## PROBLEM REQUIREMENTS
Your answer should be the lines below from the one with "年中盘点丨2021年上半年,全球IPO募" to the one with "Летела и приземлилась на стог.", both included, given again exactly and with nothing added.

## RECORDS FOR THIS EXERCISE
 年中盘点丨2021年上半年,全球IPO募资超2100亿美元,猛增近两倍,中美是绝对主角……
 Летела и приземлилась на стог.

* * *

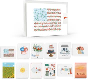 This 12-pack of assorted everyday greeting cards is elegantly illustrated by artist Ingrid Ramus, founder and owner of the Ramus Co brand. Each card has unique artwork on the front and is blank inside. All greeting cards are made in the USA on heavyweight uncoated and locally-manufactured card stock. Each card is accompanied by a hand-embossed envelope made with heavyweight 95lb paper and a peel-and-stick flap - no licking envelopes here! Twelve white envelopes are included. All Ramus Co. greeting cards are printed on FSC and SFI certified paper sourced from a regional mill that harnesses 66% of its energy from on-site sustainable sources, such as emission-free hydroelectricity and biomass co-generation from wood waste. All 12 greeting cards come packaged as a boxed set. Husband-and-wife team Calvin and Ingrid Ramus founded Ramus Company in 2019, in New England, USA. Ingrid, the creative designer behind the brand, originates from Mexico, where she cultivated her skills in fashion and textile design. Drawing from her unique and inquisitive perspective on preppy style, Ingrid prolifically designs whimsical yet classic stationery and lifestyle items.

---

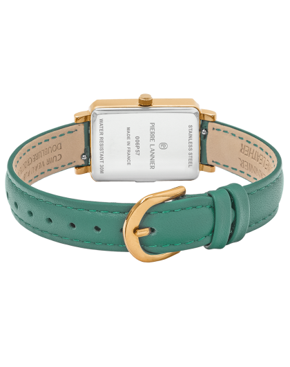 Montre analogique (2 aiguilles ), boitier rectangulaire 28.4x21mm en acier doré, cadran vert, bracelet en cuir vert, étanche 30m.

## SOLUTION FOR THIS TASK
 年中盘点丨2021年上半年,全球IPO募资超2100亿美元,猛增近两倍,中美是绝对主角……
 Летела и приземлилась на стог.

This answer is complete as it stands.